## Required work
Exactly as they appear below, repeat the lines from the one with "4月「The Gozero Grill」音楽イベント毎週:水、金、土、日曜日(2公演)" through the one with "Озорные лисята вышли". Drop every picture.

## Source data
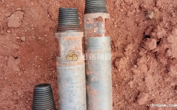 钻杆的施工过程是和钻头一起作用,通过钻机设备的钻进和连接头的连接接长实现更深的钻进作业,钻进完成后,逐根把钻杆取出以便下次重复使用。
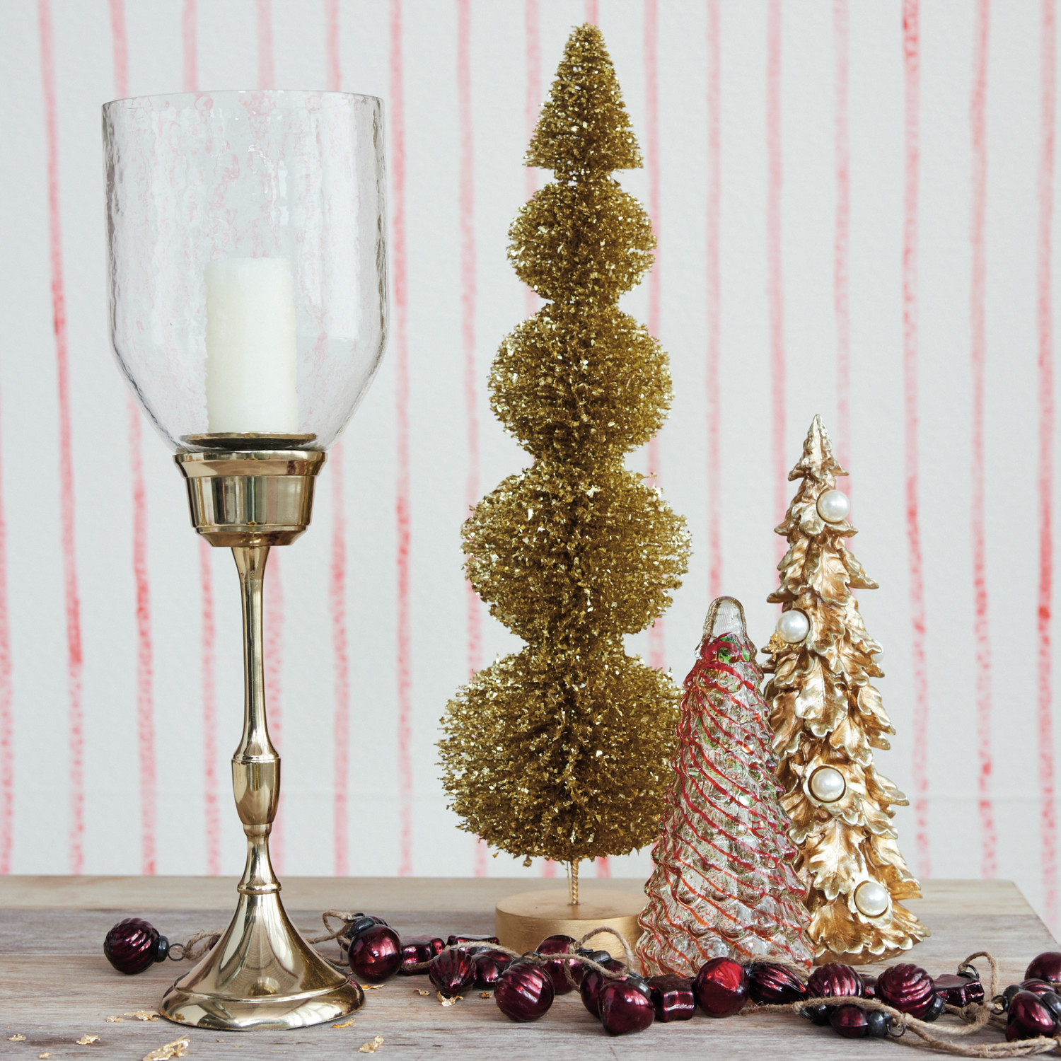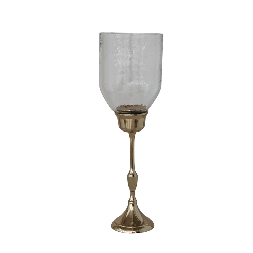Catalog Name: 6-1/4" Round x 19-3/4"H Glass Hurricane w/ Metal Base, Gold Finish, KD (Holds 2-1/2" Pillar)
---
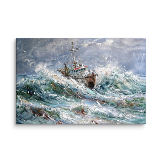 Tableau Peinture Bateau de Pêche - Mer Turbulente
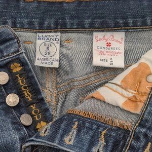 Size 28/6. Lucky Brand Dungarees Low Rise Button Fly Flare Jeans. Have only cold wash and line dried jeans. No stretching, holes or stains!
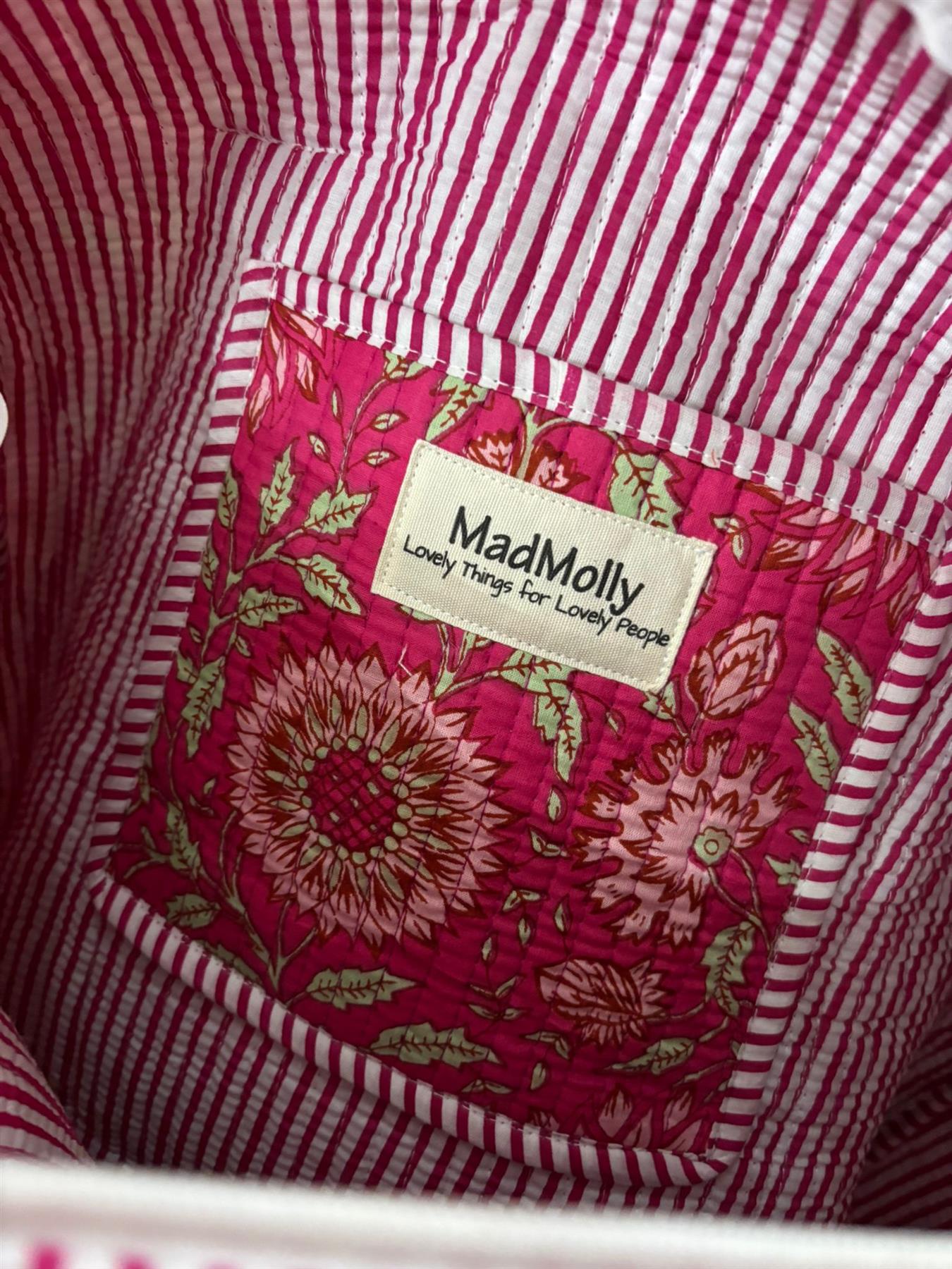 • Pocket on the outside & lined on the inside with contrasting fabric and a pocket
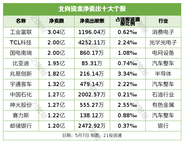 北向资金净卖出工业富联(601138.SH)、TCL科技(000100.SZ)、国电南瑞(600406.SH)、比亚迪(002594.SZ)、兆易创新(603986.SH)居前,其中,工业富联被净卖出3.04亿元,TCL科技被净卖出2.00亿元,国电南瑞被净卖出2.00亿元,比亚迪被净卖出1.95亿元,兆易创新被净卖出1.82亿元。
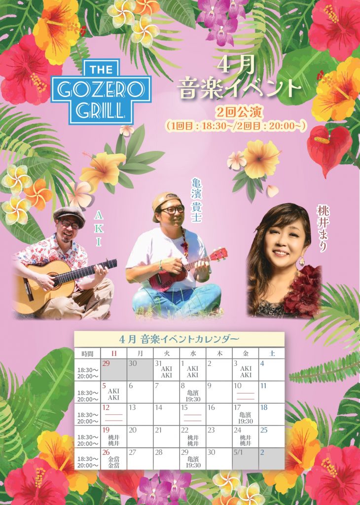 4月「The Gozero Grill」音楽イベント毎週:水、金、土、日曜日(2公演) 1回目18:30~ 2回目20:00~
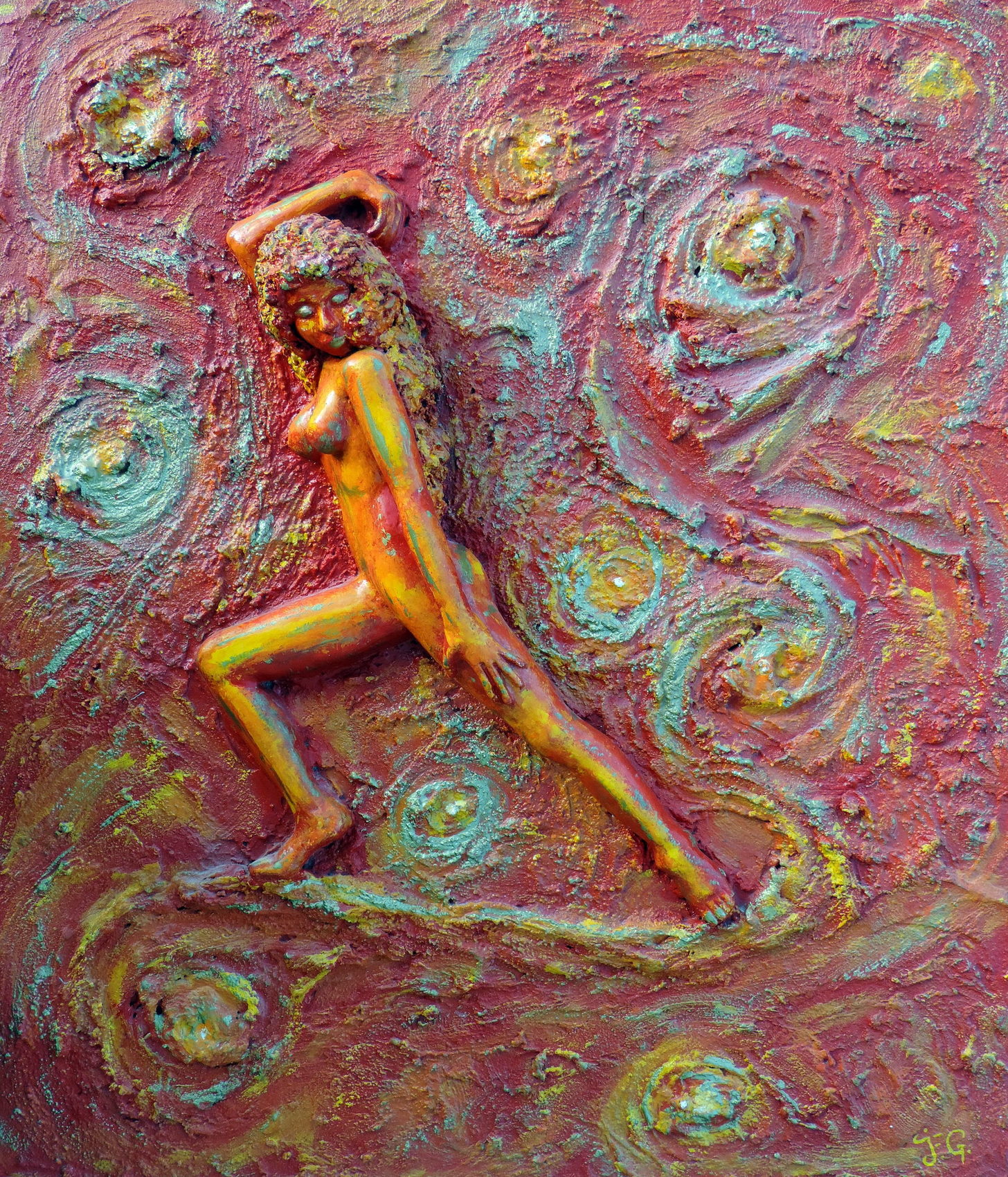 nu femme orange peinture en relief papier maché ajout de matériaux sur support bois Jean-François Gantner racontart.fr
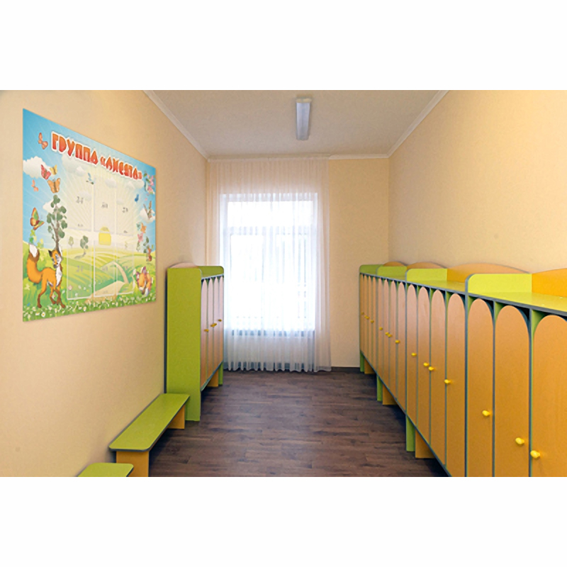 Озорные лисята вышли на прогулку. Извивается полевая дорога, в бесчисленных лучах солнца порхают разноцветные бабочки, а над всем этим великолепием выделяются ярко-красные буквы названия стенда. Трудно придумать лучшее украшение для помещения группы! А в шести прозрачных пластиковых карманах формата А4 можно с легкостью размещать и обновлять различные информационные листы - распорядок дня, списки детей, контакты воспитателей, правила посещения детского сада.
...
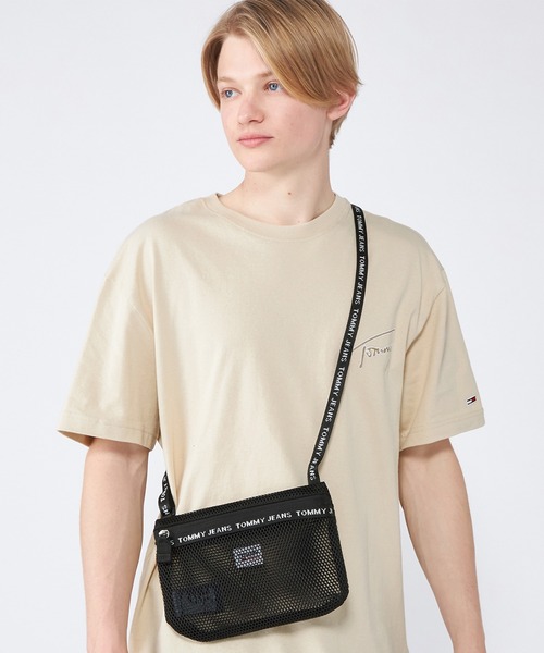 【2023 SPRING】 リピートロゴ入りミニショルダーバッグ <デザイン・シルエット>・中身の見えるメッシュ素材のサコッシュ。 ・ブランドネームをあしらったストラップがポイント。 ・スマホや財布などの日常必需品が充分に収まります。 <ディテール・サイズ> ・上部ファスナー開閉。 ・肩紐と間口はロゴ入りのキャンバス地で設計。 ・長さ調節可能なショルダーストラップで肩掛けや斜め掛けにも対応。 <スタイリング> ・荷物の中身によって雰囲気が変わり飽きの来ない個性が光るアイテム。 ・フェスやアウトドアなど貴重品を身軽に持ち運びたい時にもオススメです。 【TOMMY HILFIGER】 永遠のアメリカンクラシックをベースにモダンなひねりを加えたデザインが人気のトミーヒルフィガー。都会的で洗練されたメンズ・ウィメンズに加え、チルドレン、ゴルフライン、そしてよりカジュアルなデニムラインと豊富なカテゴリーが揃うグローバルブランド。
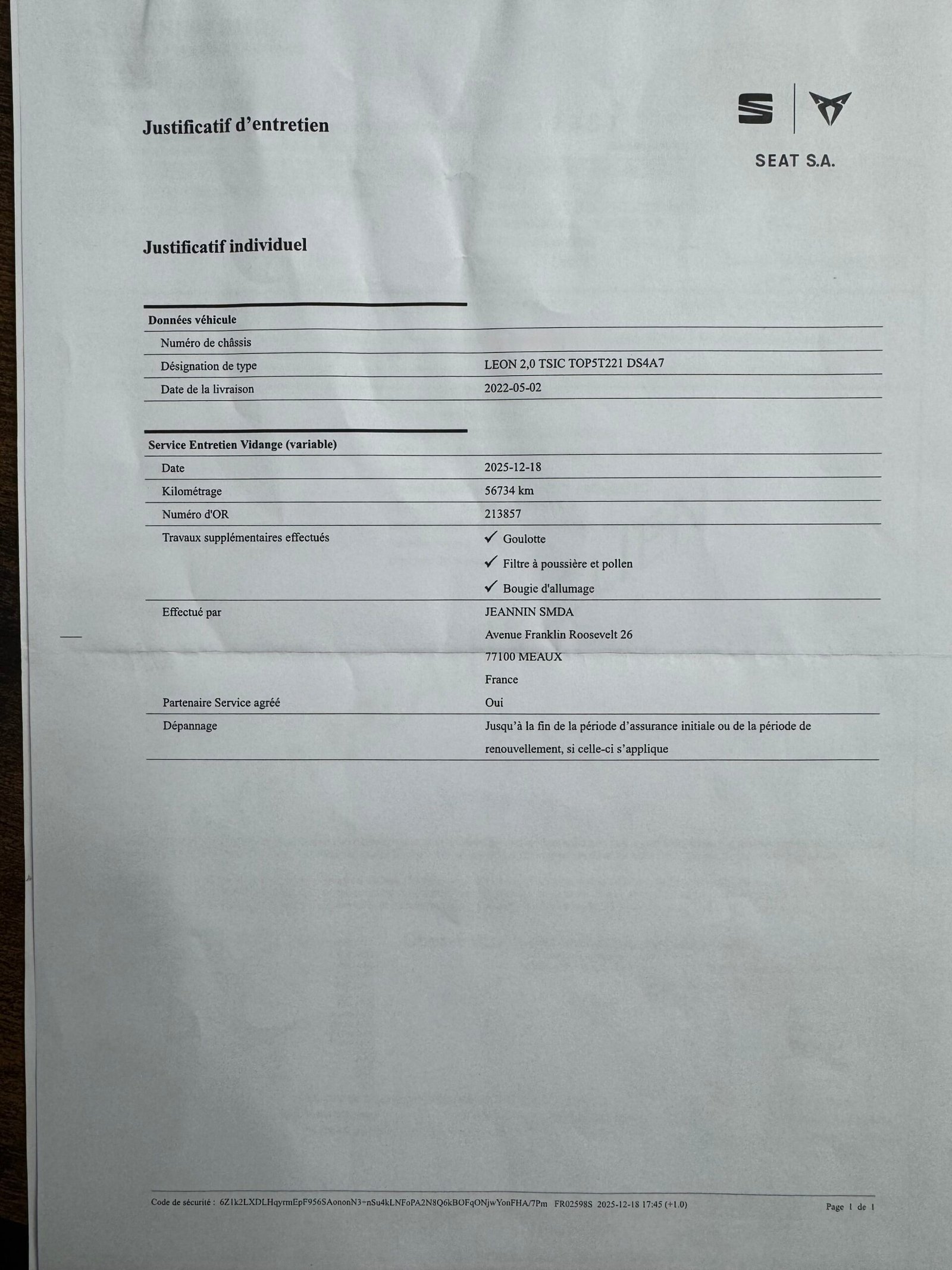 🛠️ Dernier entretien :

## Output below
 4月「The Gozero Grill」音楽イベント毎週:水、金、土、日曜日(2公演) 1回目18:30~ 2回目20:00~
 nu femme orange peinture en relief papier maché ajout de matériaux sur support bois Jean-François Gantner racontart.fr
 Озорные лисята вышли на прогулку. Извивается полевая дорога, в бесчисленных лучах солнца порхают разноцветные бабочки, а над всем этим великолепием выделяются ярко-красные буквы названия стенда. Трудно придумать лучшее украшение для помещения группы! А в шести прозрачных пластиковых карманах формата А4 можно с легкостью размещать и обновлять различные информационные листы - распорядок дня, списки детей, контакты воспитателей, правила посещения детского сада.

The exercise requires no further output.